You’re a cancer survivor until you’re not.
Once you’re declared to be in remission, or the scans show you’re cancer free, you’re known as a cancer survivor. I’ve been a cancer survivor since last year, showing no signs of the disease anywhere in my body. But it doesn’t mean that I don’t think about it.
In fact, just about every time I have some little ache or pain that is unfamiliar, or doesn’t go away for awhile, I instantly think, hmmm, wonder if that could be… Honestly I had to tell myself a long time ago that I’m not going to live in a state of fear that the cancer is going to come back. I trust the team of doctors who cared for me and they told me there’s only a very small chance of my particular type of cancer returning. They could be wrong, but I choose to trust their experience and expertise.
And then another friend dies this week, after her cancer came back.
This is the third friend in the last five years.
First there was my friend and mentor – my teacher and the principal who nurtured and supported me as a teacher like no one else – Jeri Pfeifer. I remember the day I met Jeri, on the steps of the campus center at Abilene Christian University and introduced myself as a senior who would be one of her student teachers to supervise in the spring. Jeri saw abilities in me I didn’t yet know I possessed and she affirmed those, helping me grow confident in my role as a classroom teacher and speech coach. She challenged me and called me into her office when I needed to calm down, always asking through those steely blue eyes, “what else is going on?” She listened to me and defended me and not a day goes by that I don’t think of her, wishing I could pick up the phone or get in the car and drive to Abilene to talk to her.

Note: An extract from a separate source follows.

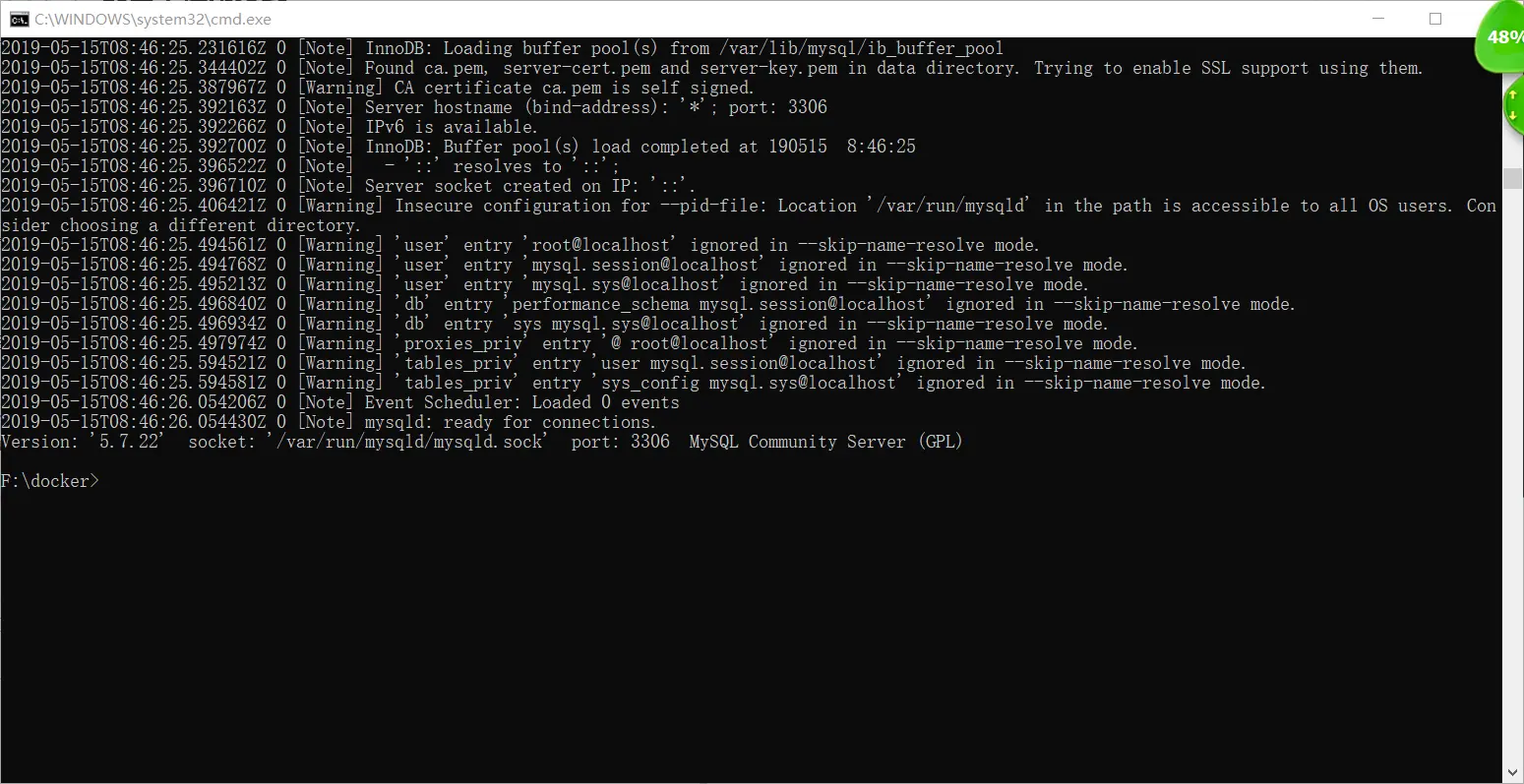 cmd > docker run -p 3406:3306 -e MYSQL_ROOT_PASSWORD=root --name mysql1 -v F://docker/mysql/data:/var/lib/mysql mysql:5.7.22

Then there was my friend, Carolyn, from high school. The funniest, most talented girl I knew as a teenager. Carolyn was wonderful on stage and could make me laugh like no other. We laughed mostly at ourselves, along with Carolyn’s best friend, Christi, who remains dear to me, too. The three of us could entertain ourselves for hours, making up skits for pep rallies and announcements and the senior banquet. I’m sure no one ever thought we were as funny as we did, but we surely enjoyed each other’s company. The last class reunion we had, we reconnected instantly, picking up right where we left off. I don’t want to imagine what the reunion next month will be like without her.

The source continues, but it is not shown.